Your instructions: Repeat the records exactly, with one exception: no images.

- - -

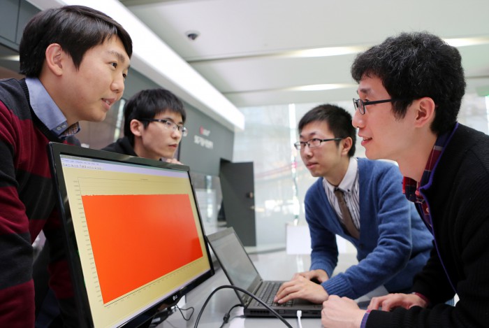| △ LG유플러스 직원들이 기가 LTE 속도를 시연하고 있다.<사진제공=LG유플러스> |
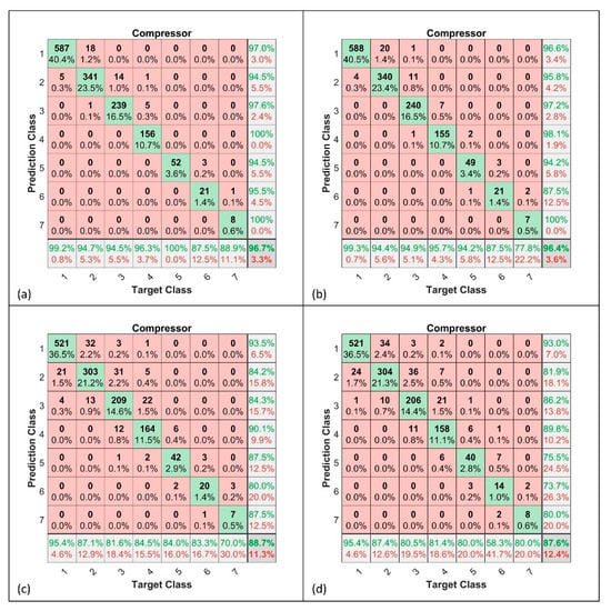 Confusion matrix for compressor. (a): Single-component FFNN; (b): single-component KPCA + FFNN; (c): multi-component FFNN; (d): multi-component KPCA + FFNN.
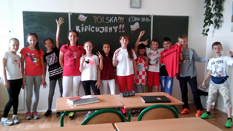 We wtorek 21 czerwca cała Polska trzymała kciuki za naszych zawodników na EURO, którzy mieli zagrać mecz piłki nożnej z Ukrainą. W tak ważnej chwili nie mogło zabraknąć „12 zawodnika” również w naszej szkole. W tym dniu klasa IV „a”, jak przystało na „sportówkę”, przyszła do szkoły ubrana w barwy narodowe, pokazując jedność z piłkarzami i wszystkimi kibicami. Wszyscy zamierzaliśmy obejrzeć wieczorny mecz. Ku naszej radości Polacy wygrali. Wierzymy, że jako kibice dołożyliśmy małą cegiełkę do tego sukcesu.
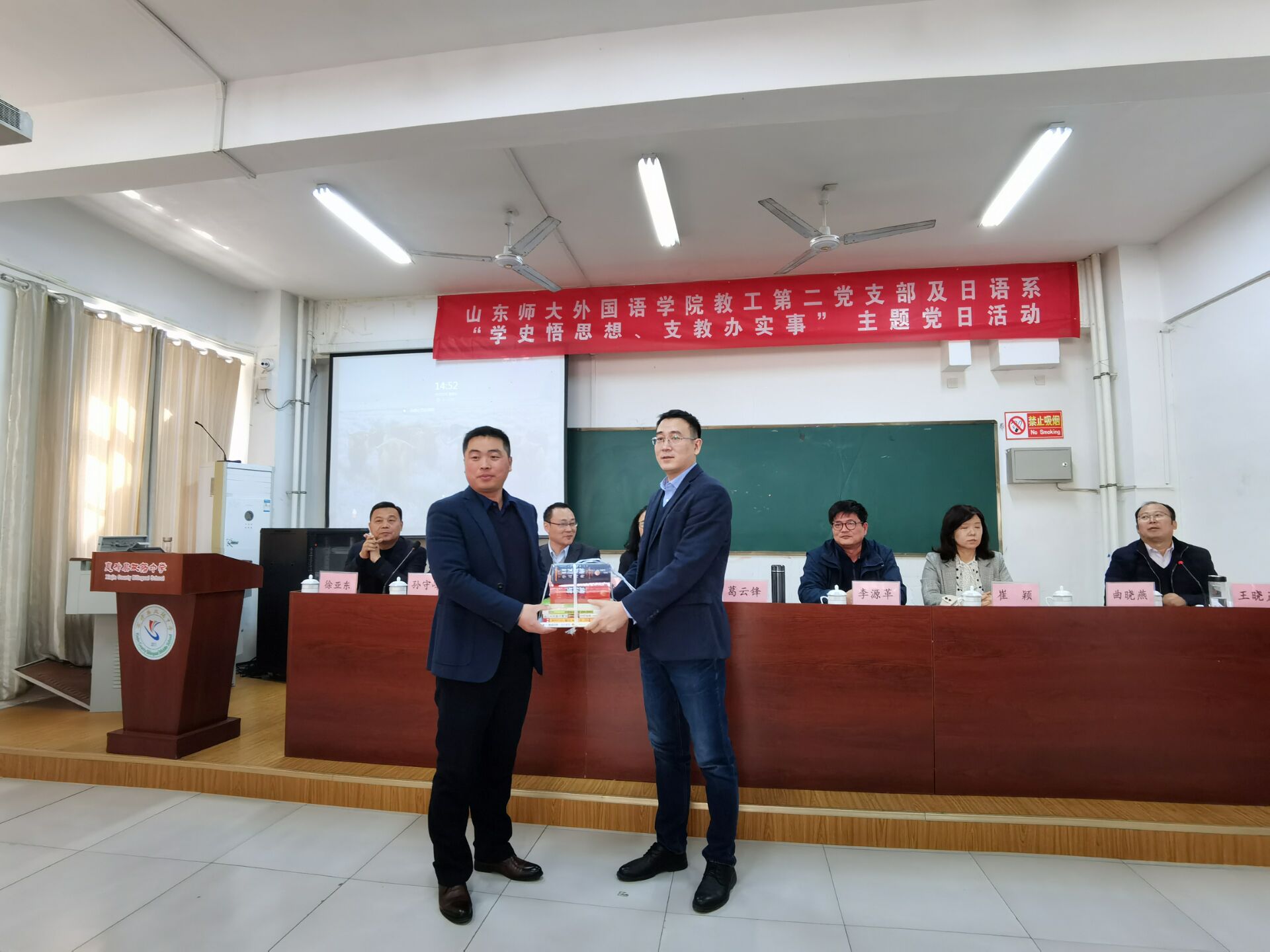 为更好地关心支持、对接服务省派第一书记工作,开展教育帮扶,山东师范大学外国语学院教工第二党支部联合日语系于2021年3月21日走访慰问第一书记工作活动,看望学校派驻夏津县第一书记,并与夏津一中、夏津双语中学开展“学史悟思想、支教办实事”日语教学对口帮扶主题党日活动。
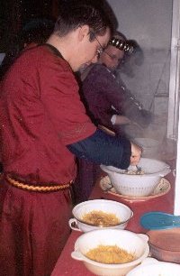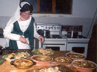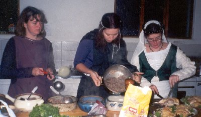 Dragonfire is the annual tournament of CLAWs, the University of Cape Town's role-playing society. On several occasions the Shire has co-operated with CLAWs in running a medieval feast as the opening salvo in the weekend. This is rather fun for us, in that it gives us a much bigger feast than we're used to (I think this one was about 50); our Shire is rife with role-players anyway, and even those feast attendees who are not into the SCA are quite okay with medieval costume. It's usually a very good party, and is spreading far and wide the local SCA's reputation for Good Food, TM.
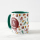 This durable mug features a winter forager pattern including acorns, pine needles, leaves, berries, and of course mushrooms! Personalize the modern monogram letter surrounded by cute laurels. Inside and handle colors are available in several choices.

- - -

Your solution:
| △ LG유플러스 직원들이 기가 LTE 속도를 시연하고 있다.<사진제공=LG유플러스> |
 Confusion matrix for compressor. (a): Single-component FFNN; (b): single-component KPCA + FFNN; (c): multi-component FFNN; (d): multi-component KPCA + FFNN.
 We wtorek 21 czerwca cała Polska trzymała kciuki za naszych zawodników na EURO, którzy mieli zagrać mecz piłki nożnej z Ukrainą. W tak ważnej chwili nie mogło zabraknąć „12 zawodnika” również w naszej szkole. W tym dniu klasa IV „a”, jak przystało na „sportówkę”, przyszła do szkoły ubrana w barwy narodowe, pokazując jedność z piłkarzami i wszystkimi kibicami. Wszyscy zamierzaliśmy obejrzeć wieczorny mecz. Ku naszej radości Polacy wygrali. Wierzymy, że jako kibice dołożyliśmy małą cegiełkę do tego sukcesu.
 为更好地关心支持、对接服务省派第一书记工作,开展教育帮扶,山东师范大学外国语学院教工第二党支部联合日语系于2021年3月21日走访慰问第一书记工作活动,看望学校派驻夏津县第一书记,并与夏津一中、夏津双语中学开展“学史悟思想、支教办实事”日语教学对口帮扶主题党日活动。
 Dragonfire is the annual tournament of CLAWs, the University of Cape Town's role-playing society. On several occasions the Shire has co-operated with CLAWs in running a medieval feast as the opening salvo in the weekend. This is rather fun for us, in that it gives us a much bigger feast than we're used to (I think this one was about 50); our Shire is rife with role-players anyway, and even those feast attendees who are not into the SCA are quite okay with medieval costume. It's usually a very good party, and is spreading far and wide the local SCA's reputation for Good Food, TM.
 This durable mug features a winter forager pattern including acorns, pine needles, leaves, berries, and of course mushrooms! Personalize the modern monogram letter surrounded by cute laurels. Inside and handle colors are available in several choices.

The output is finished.